History
The Commonwealth of Pennsylvania has a proud and storied history in the fire service and hazardous materials response beginning with Benjamin Franklin, one of our nation’s first safety innovators founding the Union Fire Company in 1736 and then with his understanding of blood borne pathogens he established the Pennsylvania Hospital in 1751 the first such organized hospital in the US cultivating the notion of protecting lives and property as a mission worthy of pursuit. Then the exploration and development of petroleum in Oil City, PA, when Edwin Drake drilled the famous well in 1859. The innovations of steel making in Pittsburgh starting in 1815 to the world’s largest steel producer in 1875 forged fire and chemistry to spurn the industrial age. The 1979 response to Three Mile Island in Londonderry Township, galvanized requirements for radiological hazmat emergency response, the 2001 9/11 response to Flight 93 in Somerset County, PA and the fire/rescue response of miners trapped underground and successfully rescued in 2002 involved local Pennsylvania fire and hazardous materials team support personnel.
The Origin
In 1990 a group of fire chiefs and officers, seeing the need to address hazardous material concerns met to guide these fledgling fire/hazmat response teams. These responders began organizing formally in 1980 and provided training to the fire service, chemical facilities, railroad and trucking industry institutionalizing hazmat response. Many industry leaders can relay stories of taking their first hazmat courses in Pennsylvania fire stations.
30 Years of Conference Training and Learning
We will be entering our 30th year of the Pennsylvania Association of Hazardous Materials Technicians conference in 2022. The conference enjoys 250 attendees with over 50 vendor and presenters over 4 days targeting hazardous material response teams operating in the Commonwealth of Pennsylvania and nearby states. The training and learning conference is a hybrid of hands on, classroom, round table discussion, and product vendor networking with the participants where a vendor can introduce a product into a learning discussion forum to actually see how something may serve their response protocols. We have nationally recognized trainers and instructors providing the latest case studies and response nuances that response technicians can be ready to understand at the street level. In years past we have had equipment and apparatus displays, live flaring and explosives demonstrations, high pressure vessel and reactive substance leak control and containment. Decontamination and live water borne spill response evolutions. PA Fire commission sponsored National Pro-Board certificate training. Representatives from NFPA, NIOSH, ASTM, ACGIH, TRANSCAER, CHLORINE INSTITUTE, and other associations and agencies participate regularly.

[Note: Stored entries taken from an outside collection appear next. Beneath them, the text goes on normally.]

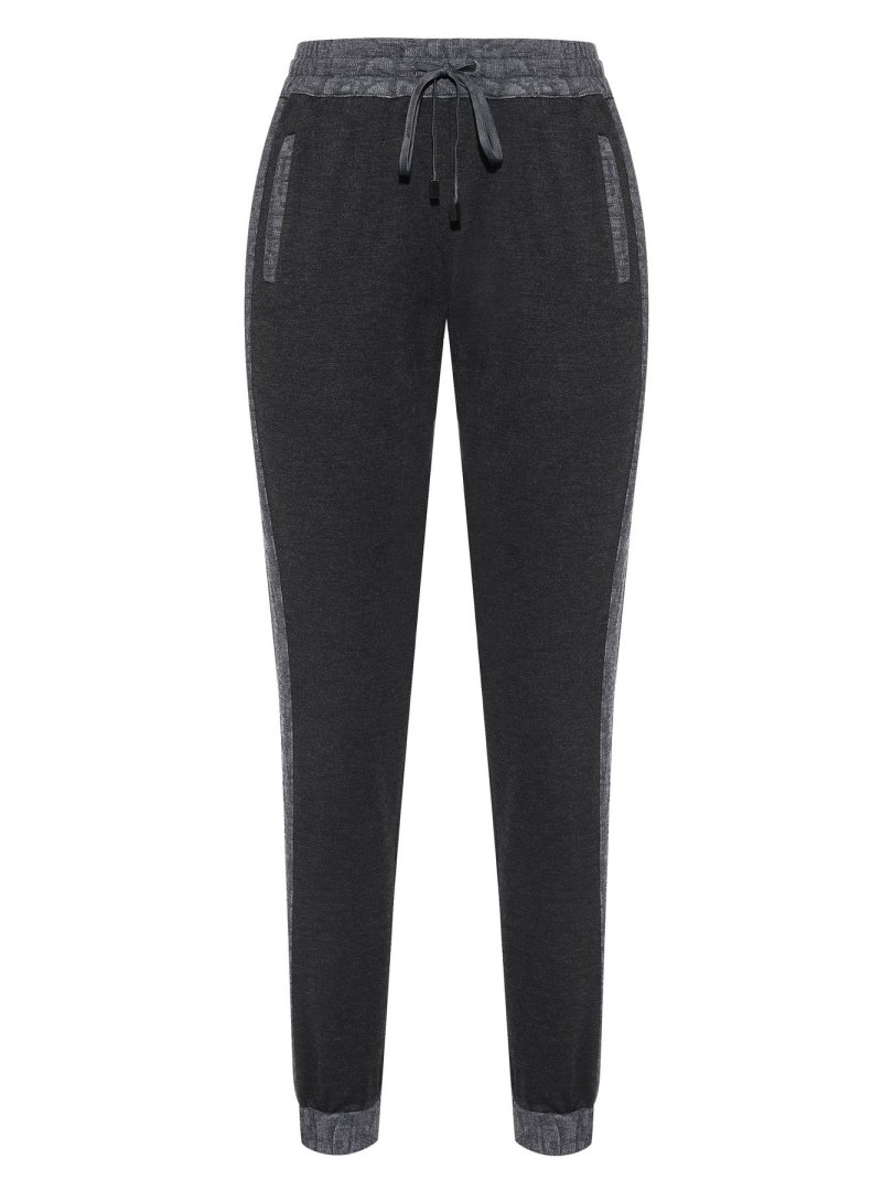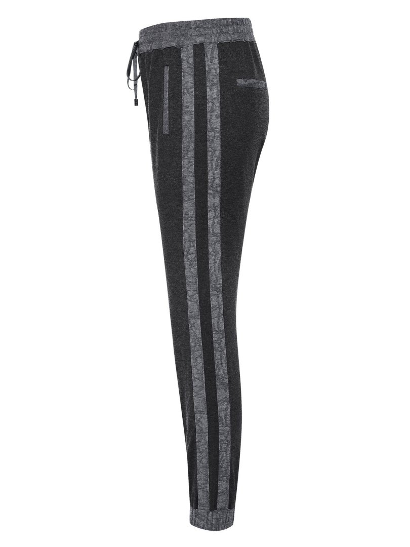 Estos geniales pantalones están confeccionados con un tejido de viscosa de punto fino increíblemente suave que proporciona una gran comodidad durante todo el día. Los pantalones tienen elegantes rayas que alargan las piernas a los lados y un ribete acanalado en un hermoso tono gris claro en los tobillos y en la cintura. Los pantalones también son de tejido elástico y tienen una cinturilla elástica con cordón, que asegura un ajuste cómodo.
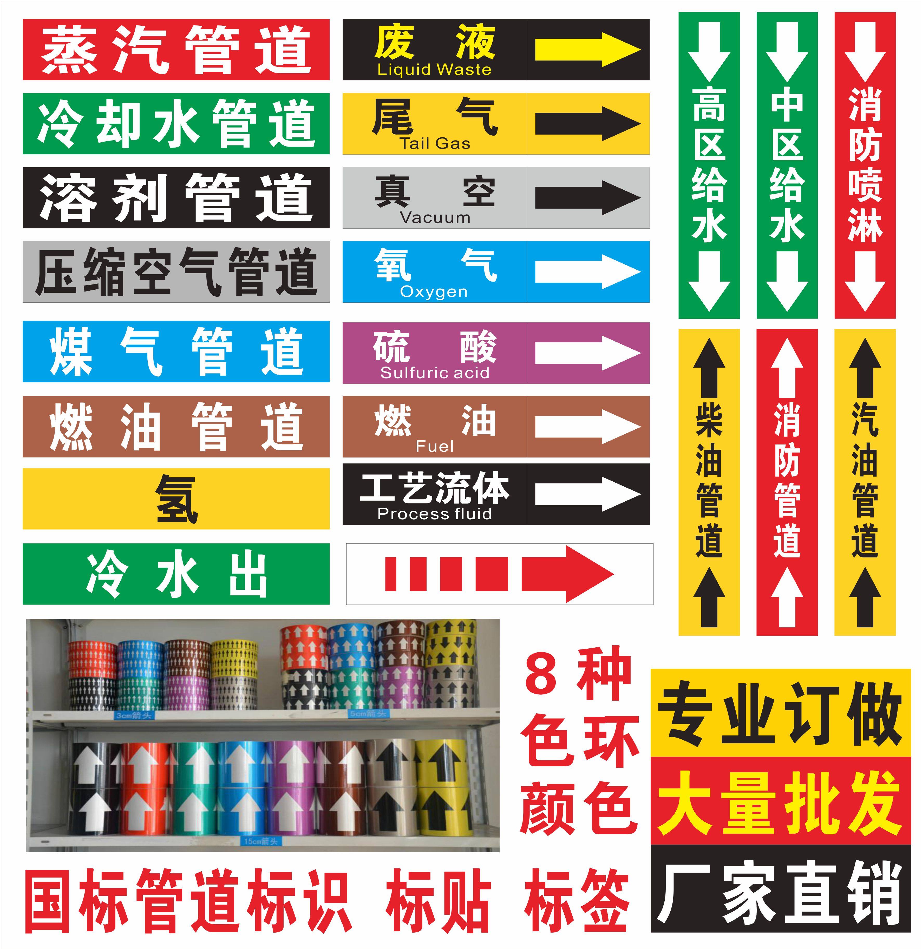 Fire piping logo sticker compressed air pipe marking hot water circulating water pipe colour ring arrowhead flow to the mark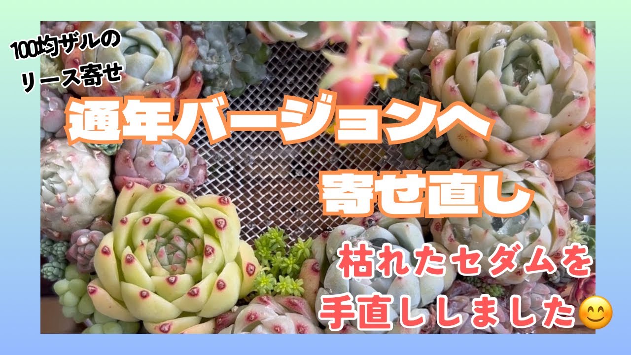 | タイトル | #73 『多肉植物』100均ザルのリース寄せ通年バージョンに寄せ直し |
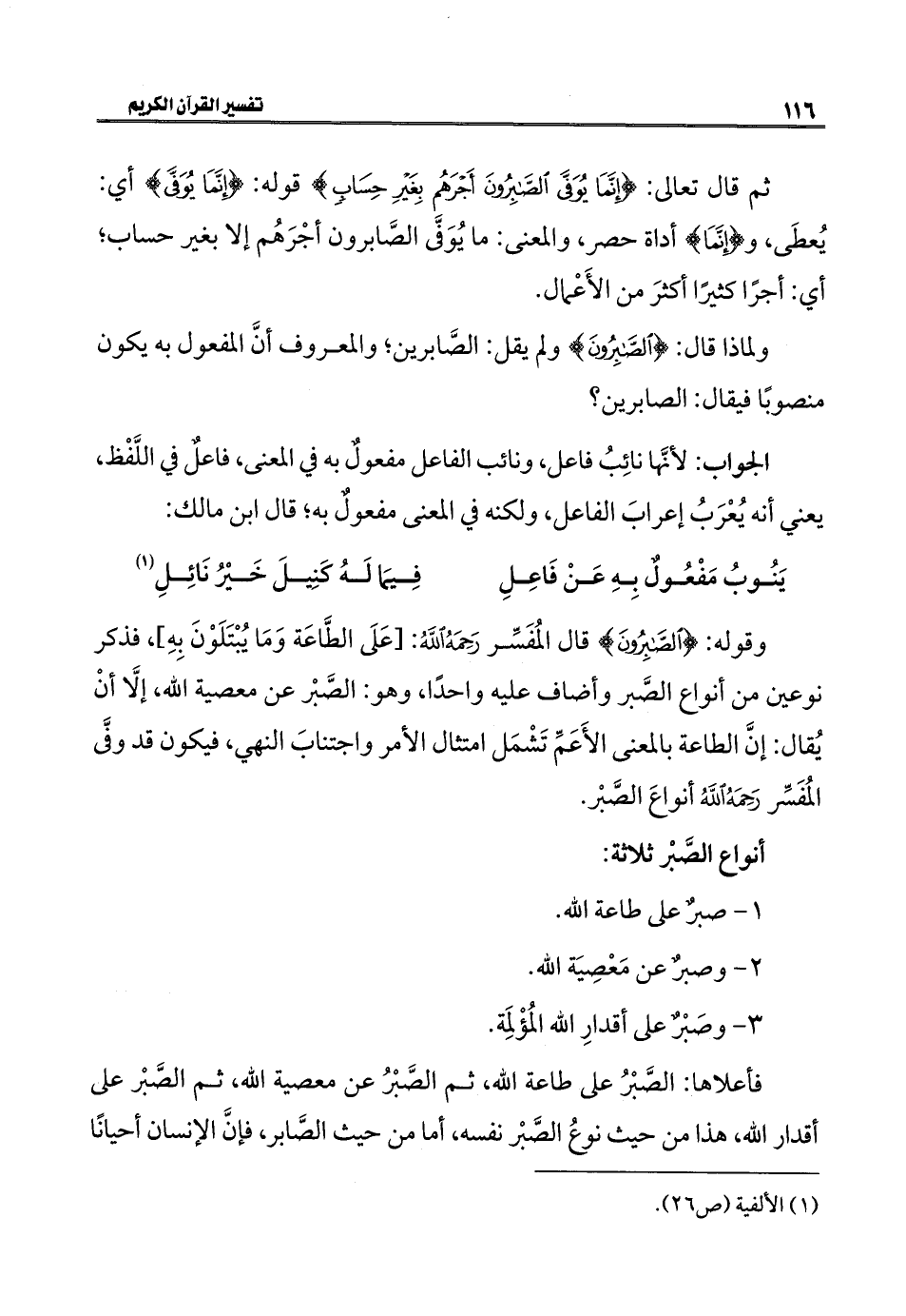 وقوله: {الصَّابِرُونَ} قال المُفَسِّر رَحِمَهُ اللهُ: [عَلَى الطَّاعَة وَمَا يُبْتَلَوْنَ بِهِ]، فذكر نوعين من أنواع الصَّبر وأضاف عليه واحدًا، وهو: الصَّبْر عن معصية الله، إلَّا أنْ يُقال: إنَّ الطاعة بالمعنى الأَعَمِّ تَشْمَل امتثال الأمر واجتنابَ النهي، فيكون قد وفَّى المُفَسِّر رَحِمَهُ اللهُ أنواعَ الصَّبْر.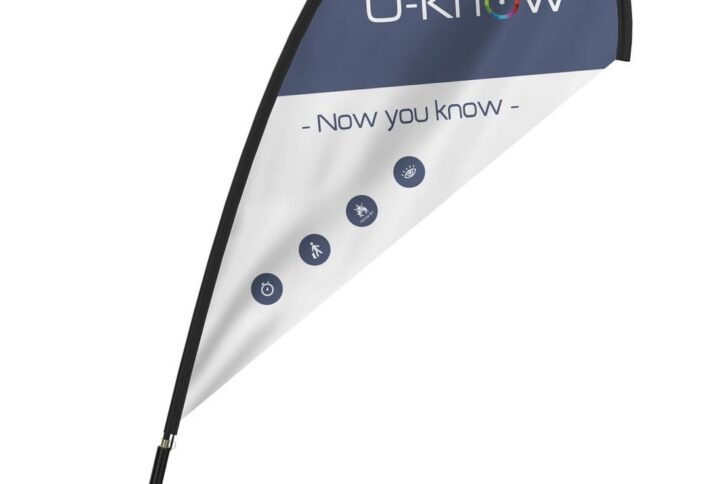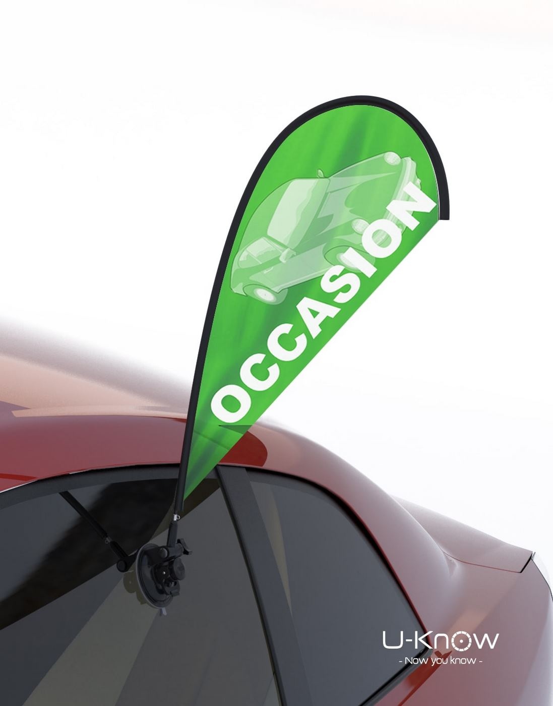 Oriflamme, goutte d’eau de format 24x59cm. Fixation du mât par ventouse, angle de fixation ajustable. Matière 100% polyester 115g/m². Impression quadri sublimation numérique sur le recto seulement. Impression traversée visible des 2 côtés. Mât en fibre de verre.

Protecting the Environment
Additionally, the ingenuity of Pennsylvania responders to protect lives and property was paralleled with the heightened awareness of protecting the environment which was led by another Pennsylvanian, Rachel Carson, who was responsible for creating cause and affect origins for protecting the environment which eventually created the enactment of the U.S. EPA and ultimately the development of the PA Department of Environmental Resources in 1970 and transforming into the Department of Environmental Protection in 1995. This collectively fostered fire/hazmat/health/emergency management working together as one force where together these agencies hold high standards of accountability and certify hazmat team responders in the Commonwealth.